SI VENISE MEURT

LES VILLES ONT TROIS MANIÈRES DE MOURIR : quand un ennemi implacable les détruit (comme Carthage, rasée par Rome en 146 avant J.-C.) ; quand un peuple étranger s’y établit par la force, en chassant les autochtones et leurs dieux (comme Tenochtitlán, la capitale des Aztèques que les conquistadores espagnols anéantirent en 1521 pour bâtir sur ses ruines la ville de Mexico); ou enfin, quand les habitants perdent leur propre mémoire et deviennent sans même s’en apercevoir étrangers à eux-mêmes, ennemis d’eux-mêmes.

Tel fut le cas d’Athènes : après la gloire de la polis classique, après les marbres du Parthénon, les sculptures de Phidias et les réalisations de la culture et de l’histoire marquées par des noms comme Eschyle, Sophocle, Euripide, Périclès, Praxitèle, elle perdit tout d’abord son indépendance politique (sous les Macédoniens, puis sous les Romains), plus tard son autonomie culturelle, puis jusqu’à la mémoire d’elle-même.

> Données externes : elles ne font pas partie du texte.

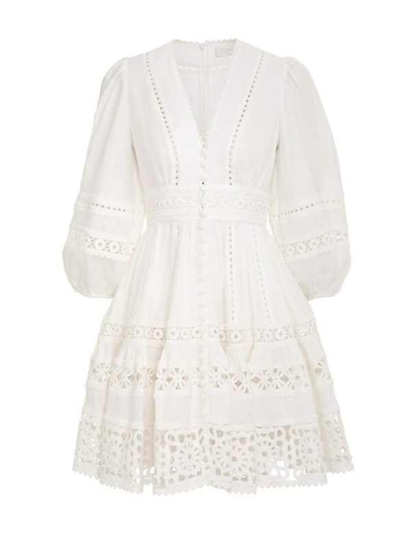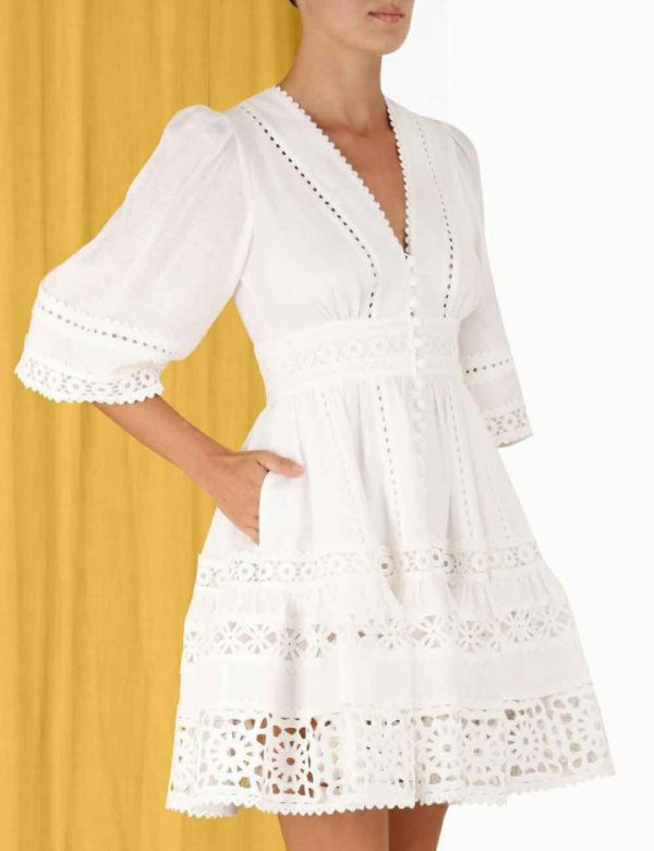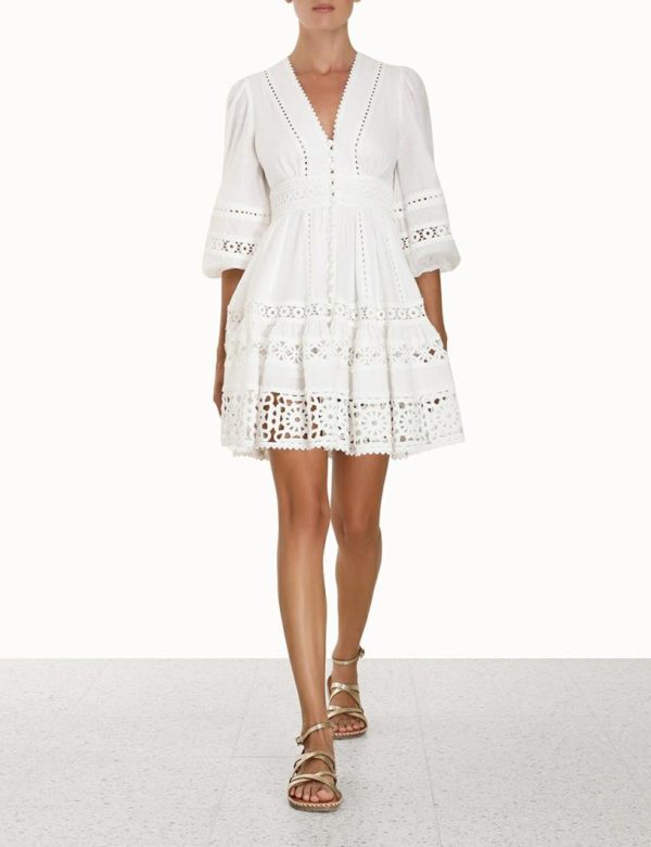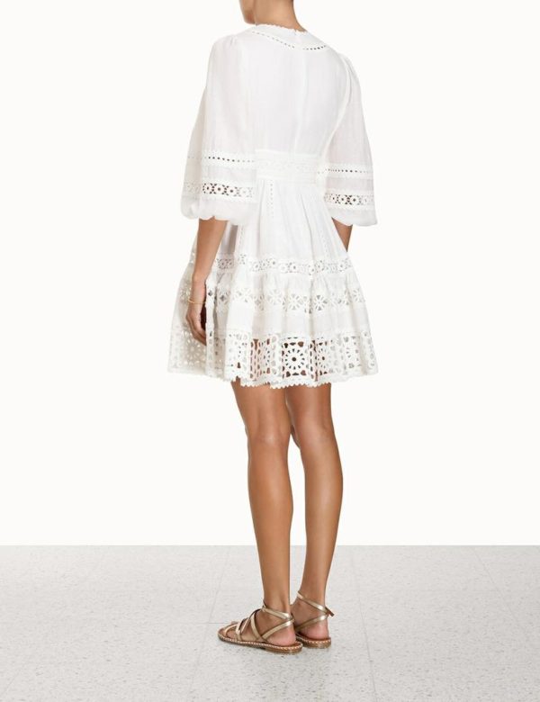 Zimmermann Devi Spliced Billow Mini Dress Ivory | Women Clothing

Souvent, entraînés que nous sommes par la facilité du classicisme scolaire, nous la croyons immobile pour les siècles dans la blancheur de ses marbres, et pensons la voir refleurir avec une splendeur nouvelle lors de l’indépendance politique de la Grèce en 1827. Mais ce n’est pas le cas : quand, vers la fin du XIIe siècle, le savant Michel Choniates, venu de Constantinople, devint évêque d’Athènes, il resta stupéfait devant l’effroyable ignorance des Athéniens, qui ne savaient plus rien des gloires antiques de leur ville, incapables de dire aux étrangers ce qu’étaient les temples encore intacts ni leur indiquer où Socrate, Platon, Aristote avaient enseigné.

Le Parthénon était alors une église, ses murs étaient couverts d’icônes, et des chants liturgiques, des parfums d’encens flottaient dans sa lumière. Il devint plus tard une cathédrale latine, régulièrement pillée par les Vénitiens et les Florentins, sans que les habitants fissent rien pour la défendre. Quand Athènes fut occupée par les Turcs en 1456 (et le Parthénon transformé en mosquée), la ville avait perdu jusqu’à son nom. Ce qui restait ressemblait à un village misérable semé de quelques ruines, et ses habitants, réduits à quelques milliers, l’appelaient Satiné, Satines, en estropiant son nom, au prix d’une déformation que Rome, par exemple, n’a jamais connue.

Mais à Athènes, l’oubli de soi-même avait commencé bien avant : vers 430 ap. J.-C. déjà, le philosophe néoplatonicien Proclus, qui habitait près de l’Acropole, raconte avoir vu en rêve Athéna, la déesse du Parthénon, qui, chassée de sa demeure, lui demandait son hospitalité. Ce rêve nostalgique exprime très bien non seulement la fin d’une religion et de ses monuments, mais aussi le déclin d’une culture et de la conscience qu’elle a d’ellemême. Comme il arrive aux individus malades d’Alzheimer, les villes elles aussi, quand elles perdent leur mémoire collective, tendent à oublier jusqu’à leur propre dignité. S’il reste quelque chose de leur esprit ancien, ce quelque chose doit chercher refuge ailleurs (par exemple à Constantinople ou dans l’humanisme italien). Aujourd’hui, nous avons oublié que même Athènes est parvenue à ne plus se souvenir d’elle-même ; mais peut-être importe-t-il de nous rappeler les ténèbres de cette perte de mémoire, si nous ne voulons pas que le même mal nous frappe à notre tour.